Tesla is getting crushed in Germany, and the numbers tell a brutal story. The company managed to sell just 750 electric vehicles in October - a staggering drop from the 1,607 it moved in the same month last year, according to fresh data from Germany's federal transport authority.
This isn't just a bad month for Tesla. The year-to-date picture is equally grim, with Tesla's German sales plummeting 50% to 15,595 units while the overall German EV market actually expanded nearly 40% to 434,627 new battery electric vehicles. That's a market share collapse happening in real time.
The irony cuts deep - Tesla operates a massive assembly plant in Brandenburg, just outside Berlin, yet the company has become anything but a hometown favorite. Elon Musk's increasingly inflammatory political rhetoric, particularly his vocal endorsement of Germany's far-right AfD party, has seriously damaged Tesla's brand among German consumers who tend to lean left politically.
The AfD endorsement wasn't just a casual political statement - it represented a fundamental misreading of Tesla's core customer base. German EV buyers, typically environmentally conscious and progressive, found themselves facing an uncomfortable choice between their climate values and supporting a company whose CEO champions anti-immigrant extremism.

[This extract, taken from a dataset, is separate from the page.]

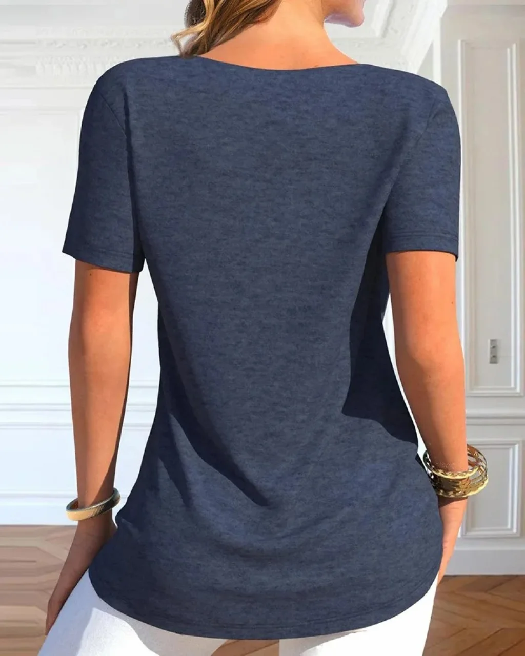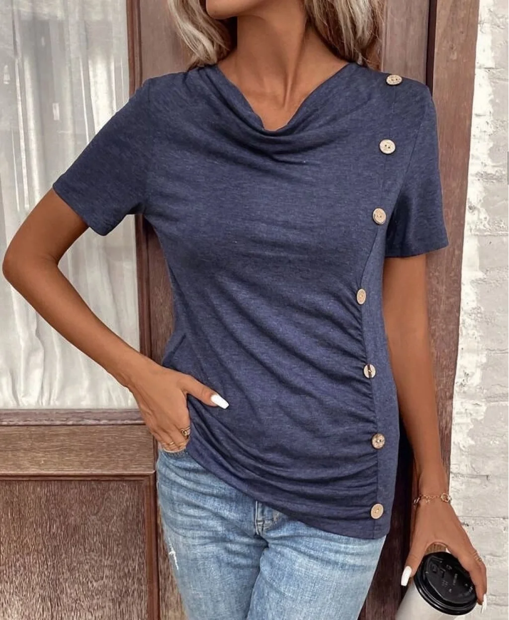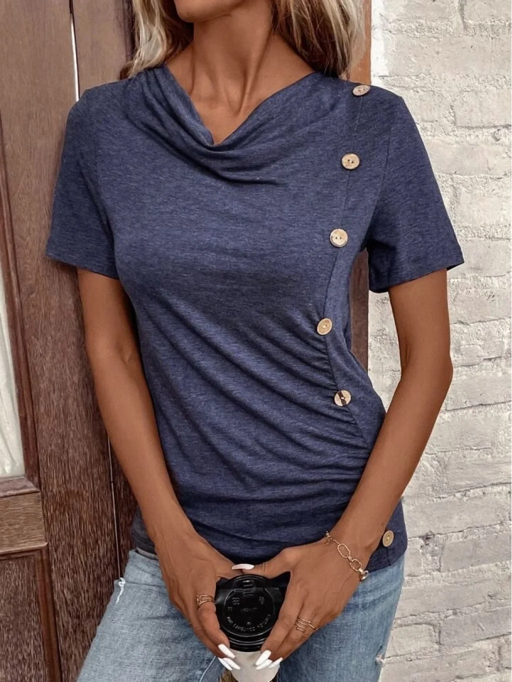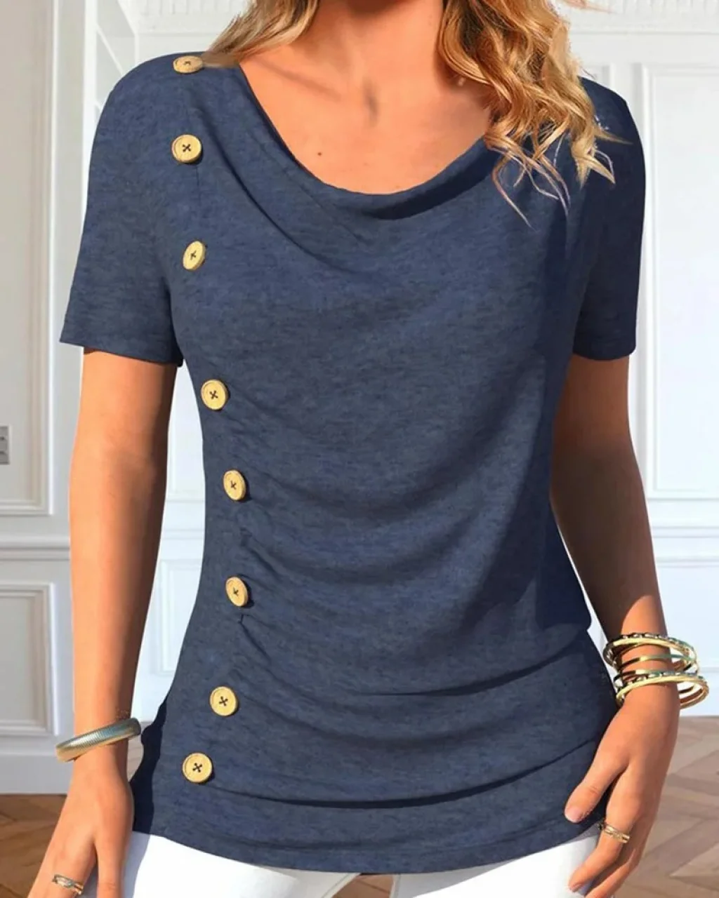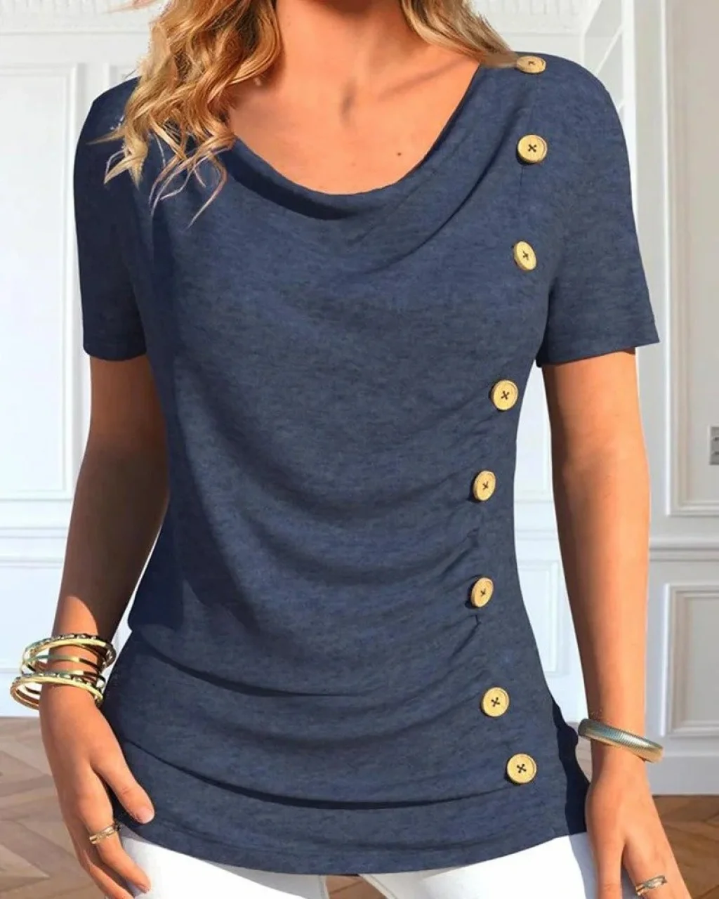 Kadın Kısa Kollu Degaje Yaka Düğme Detay Viskon Bluz
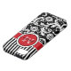 Coques Case-Mate iPhone Damassé rayée blanche noire rouge de monogramme

But politics isn't Tesla's only German headache. The company faces an increasingly crowded field of European and Chinese competitors offering smaller, more affordable EVs. Many of these rivals price their vehicles below €35,000, making Tesla's premium positioning harder to justify for budget-conscious consumers.
Recognizing the threat, Tesla scrambled to respond. During October, the company began selling a stripped-down version of its Model Y SUV in Germany, priced at €39,990 - roughly €5,000 cheaper than previously available Model Y variants. The move represents a significant strategic shift for a company that has historically resisted racing to the bottom on price.
Yet even with this price cut, Tesla's October sales continued their downward spiral. The new budget Model Y clearly hasn't been enough to stem the bleeding, raising questions about whether Tesla waited too long to address German market realities.